Mac security concerns grow

Following Apple's latest security update, experts warn that there is no room for complacency over the malware risk to Macs

The release of Apple's latest security patches proves conclusively that there's no such thing as an operating system impervious to security risks, especially when it comes to malware.

Released late last month, Apple's Security Update 2007-004 for the Tiger and Panther versions of the OS X operating system included patches for some 25 exploits.

Some of the patches addressed issues whereby attackers could, for example, escalate their privileges during login, if not bypass a network login altogether.

If patches are not applied, users would be unprotected should they click on a malware-laced link on a website or open a maliciously crafted disk image file or installer file.

Sean Richmond, senior technology consultant at security software vendor Sophos said the vulnerabilities were a worry for Mac shops.

"Of the 25 vulnerabilities, 14 included the possibility of executing arbitrary code, and a handful also involved privilege escalation," Richmond said. "The combination of the two can give an attacker system or root access."

Adriel Desautels, chief technology officer for security company Netragard and founder of the SNOsoft Research Team, said that he has seen multiple instances of OS X being compromised — resulting from either insecure services, poor configuration or the use of insecure web applications.

"The most common attack vector is the web application, at least based on what I've seen first hand," he said. "The attack was specifically used to install a bot on the system that was used for the distribution of credit card information."

Desautels said Apple’s latest range of patches would not have helped fix the issue. "Patches only fix what people know," he said. "Most hackers do not use known attacks, they use the unknown."

Apple no safer than other OSs?
Desautels acknowledges that by design, OS X could be seen to be safer than Windows, as services are run in isolation, rather than on a system-based level.

"If an attacker hacks the web service on a Windows system, then the attacker immediately has full system access with system privileges," he said.

But due to its higher market penetration, Desautels said Windows has been "beaten to death by the hacker community".

If OS X had the same install base as Windows, Linux and other systems, it would be less secure or, at the very most, as secure as the other systems," he said. "It's just a matter of what [attackers] focus on."

Richmond warns Mac users not to be complacent. "A lot of people who use Macs tend to think that it is a more secure machine that is invulnerable to malware," he said.

Desautels said that Apples are no more secure than other computer systems. "In fact, it is this misconception that might make them more insecure."

Two recent experiments prove the point.

In January, a group of IT security researchers conducted a "month of Apple bugs" project — each day listing a vulnerability applicable to Apple's OS and many of the popular third-party applications deployed on it. This initiative first made public three of the exploits in Apple's new security update.

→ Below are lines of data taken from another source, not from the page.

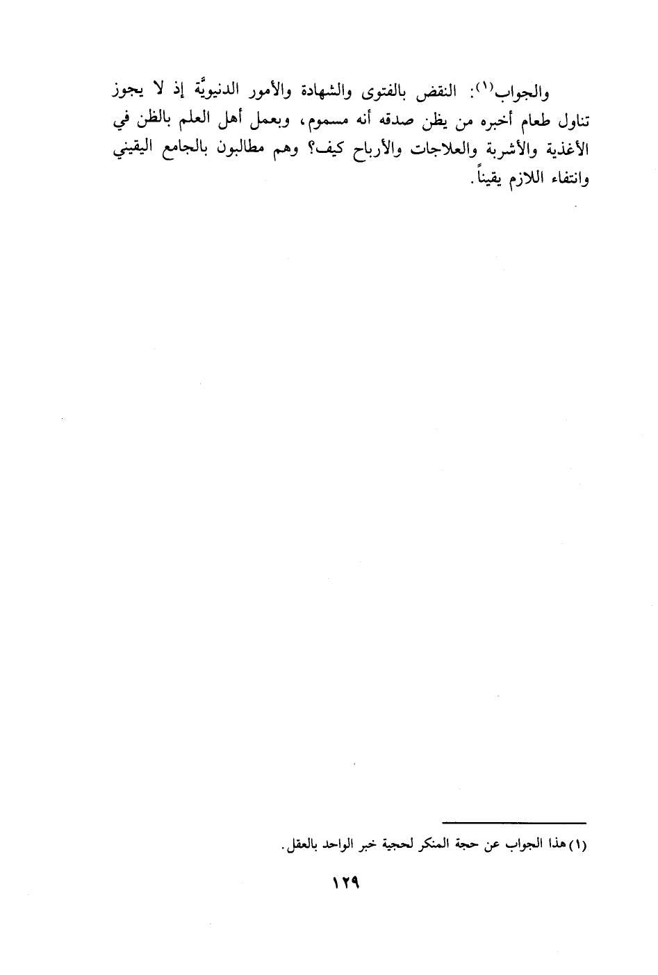 والجواب (١): النقض بالفتوى والشهادة والأمور الدنيويَّة إذ لا يجوز تناول طعام أخبره من يظن صدقه أنَّه مسموم، وبعمل أهل العلم بالظن في الأغذية والأشربة والعلاجات والأرباح كيف؟ وهم مطالبون بالجامع اليقيني وانتفاء اللازم يقينًا.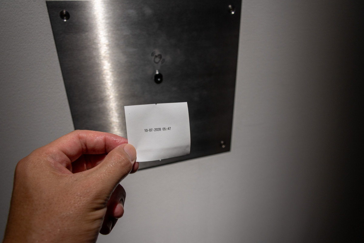 地下展示室に入ってすぐの右手にあるこちらの装置。壁面に設置された光電センサーに手をかざすと、最大25年先までのある時間の情報(日付と時間)がランダムに刻印された紙が出てきます。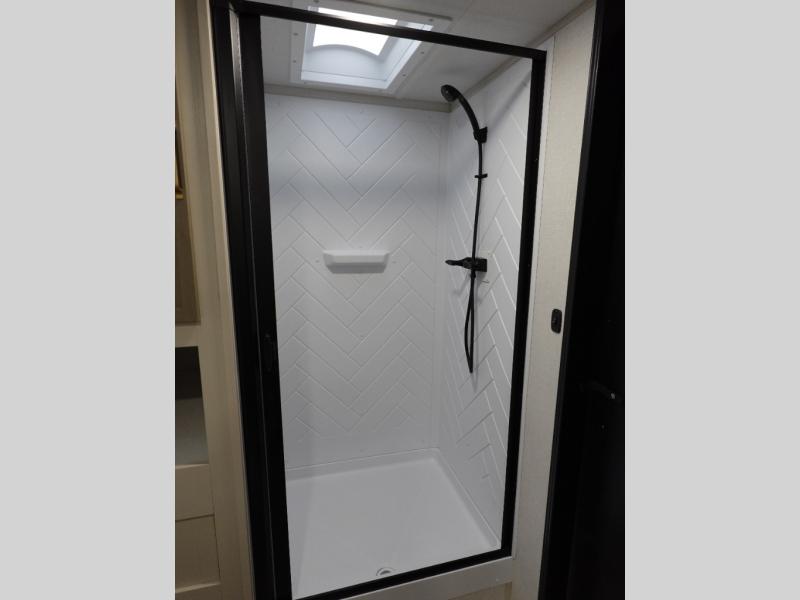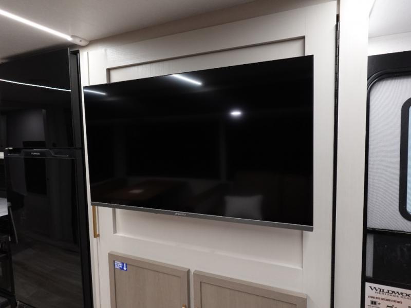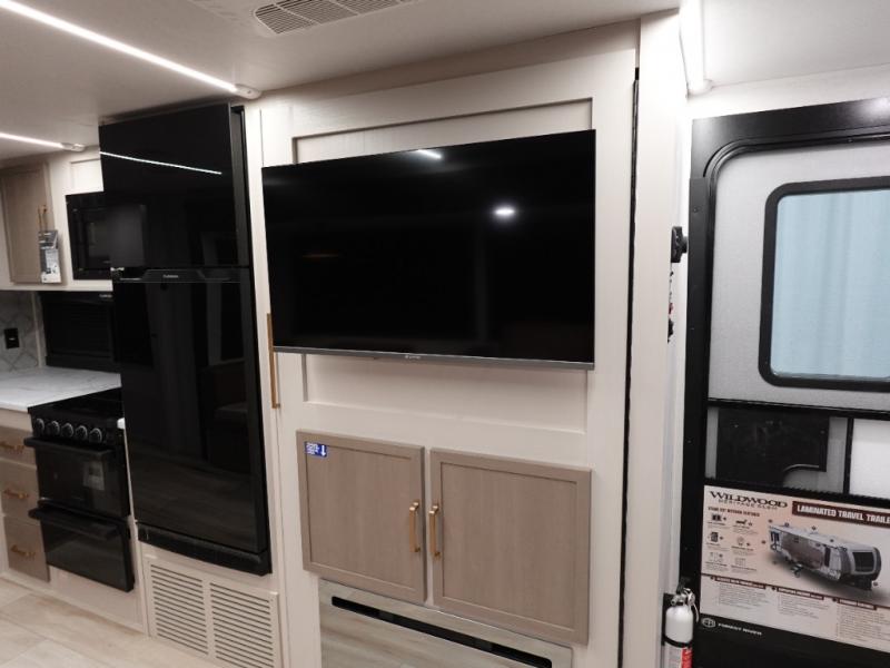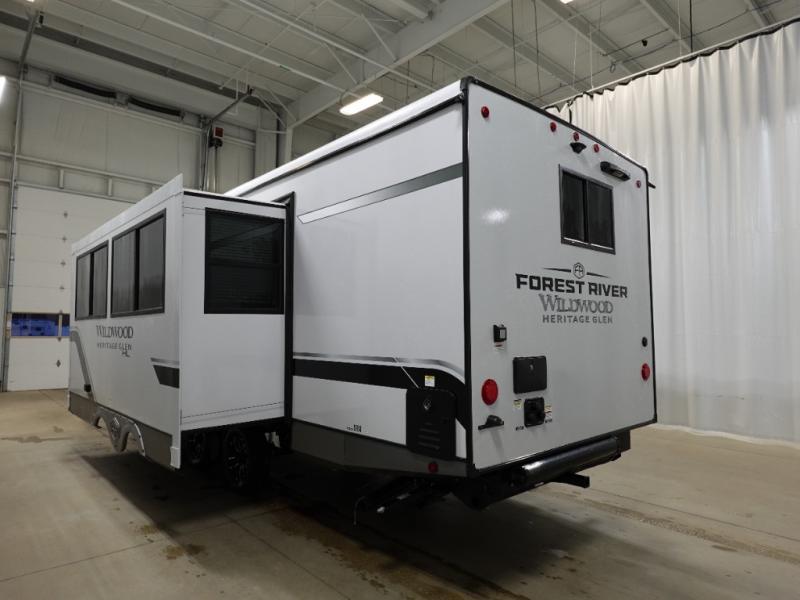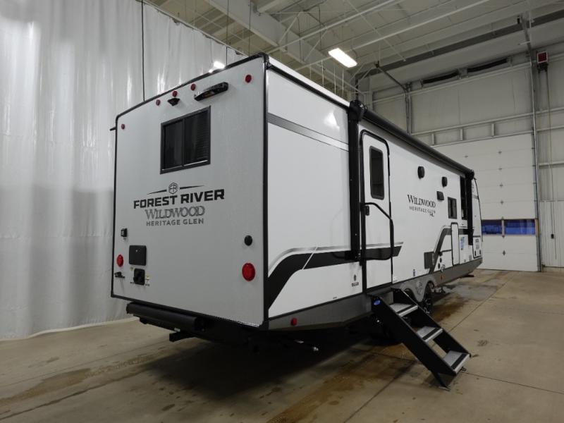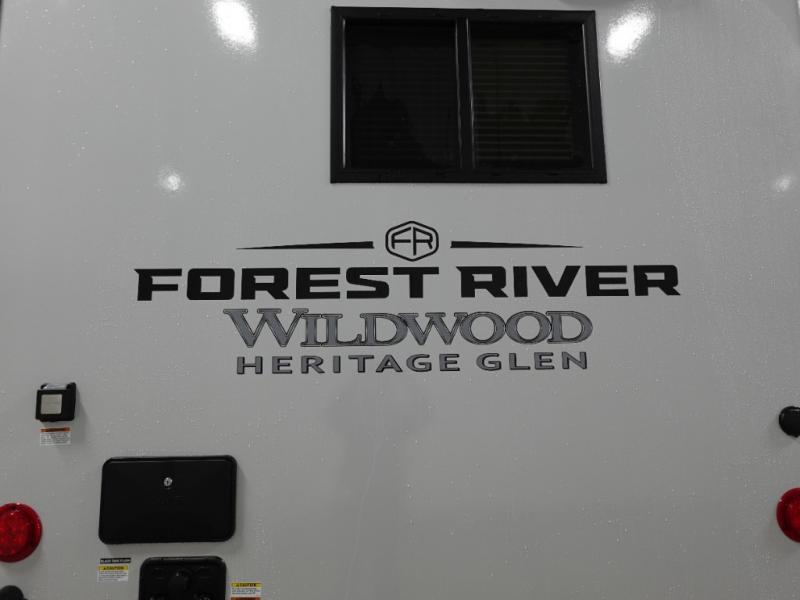The Wildwood Heritage Glen Hyper-Lyte travel trailer by Forest River offers stability with a wide stance axle system, easy setup with a power tongue jack with an LED docking light, and safe entry with the Step Above aluminum entry steps. The interior includes Temple Cherry cabinetry with matte gold hardware, hidden hinges on the cabinet doors, and a residential single bowl undermount sink. You will also find a back-up camera prep and solar prep, an outdoor shower, Maxxis radial tires, and many more exterior conveniences.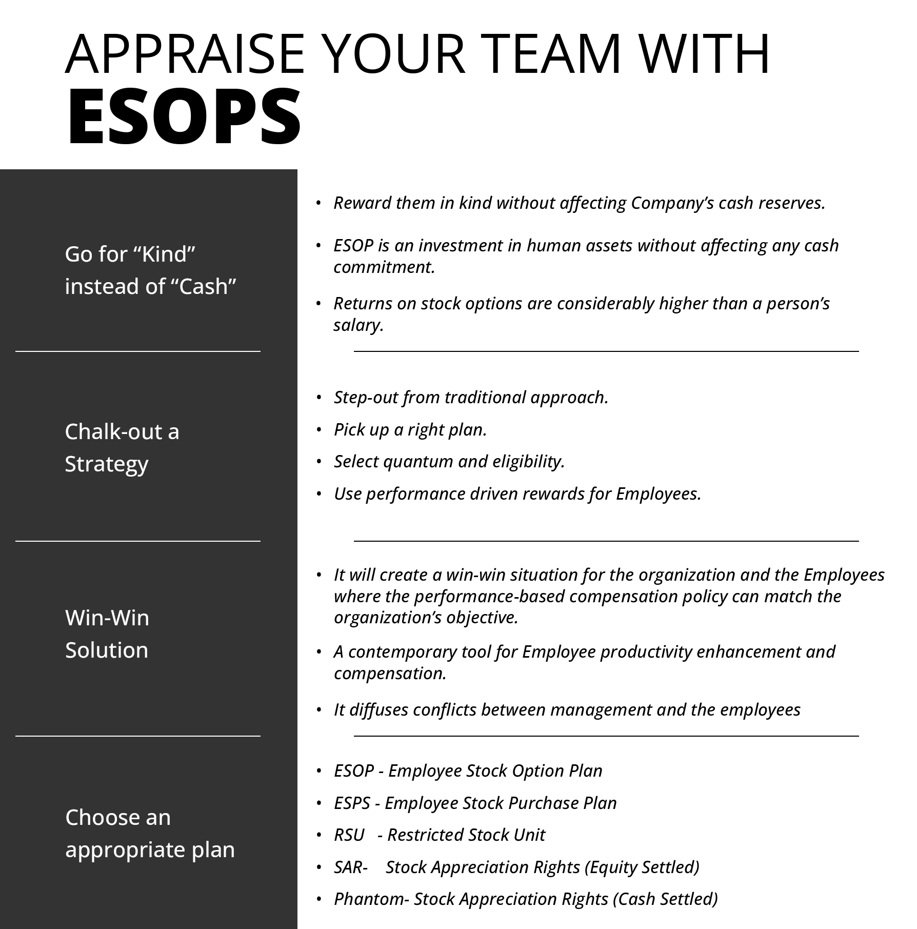 The best part of ESOP as a compensation strategy is that it offers freedom to link Employee reward with individual performance and Company performance.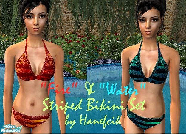 The unique colours and shades of these two swiming suits resemble two main live elements: Fire and Water. Let your Sim lady feel the power of them! This elegant halter bikini was designed for adult female only. Have fun!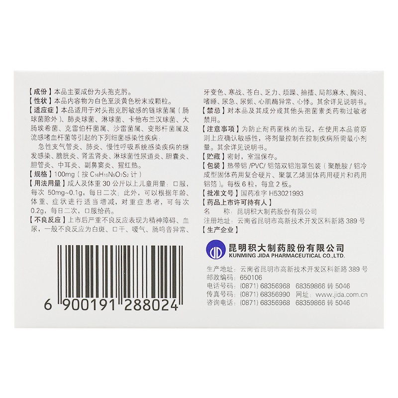 头孢克肟胶囊 0.1g*12s 昆明积大制药股份有限公司

In the days immediately after Apple released the security update, security experts put Apple's defences to the test again.

At the CanSecWest security conference in Vancouver, Canada, software engineer Shane Macaulay hacked into a MacBook through a zero-day security hole in Apple's Safari browser, winning a free laptop in the process.

Organiser Dragos Uiri offered two new MacBooks to any attendee that could exploit the machines via remote access. After the first day, the computers' defences remained uncompromised.

The rules were changed — allowing contestants to use web exploits in an attempt to compromise the system. The notebooks were compromised — via a weblink in an email which sent the user to a website laced with malicious code.

Under attack from the web
"Web threats are where things are happening," says Richmond. "In our experience, we are seeing a lot more attacks coming from the web than from email. The threats are coming from compromised websites hosting various forms of malware."

Sophos reports that, during the first three months of 2007, incidences of malware had doubled on the prior three months.

The security vendor identified 23,864 new threats — more than double the 9,450 discovered in the same period last year.

Email threats, on the other hand, dropped from 1.3 percent of emails (one in 77) to 0.4 percent in 2007 (one in 256).

Sophos identified around 5,000 new malware-infected web pages over the same period.

Up to 70 percent of these sites were not created by hackers, they were simply the result of an unpatched or poorly coded site.

"If a machine is left open to a threat, it becomes another robot in the botnet used to attack other machines," Richmond said. "Even if you are not concerned about your own machine being compromised, not patching to block these threats makes you a bad internet citizen. Other people will suffer because of your complacency."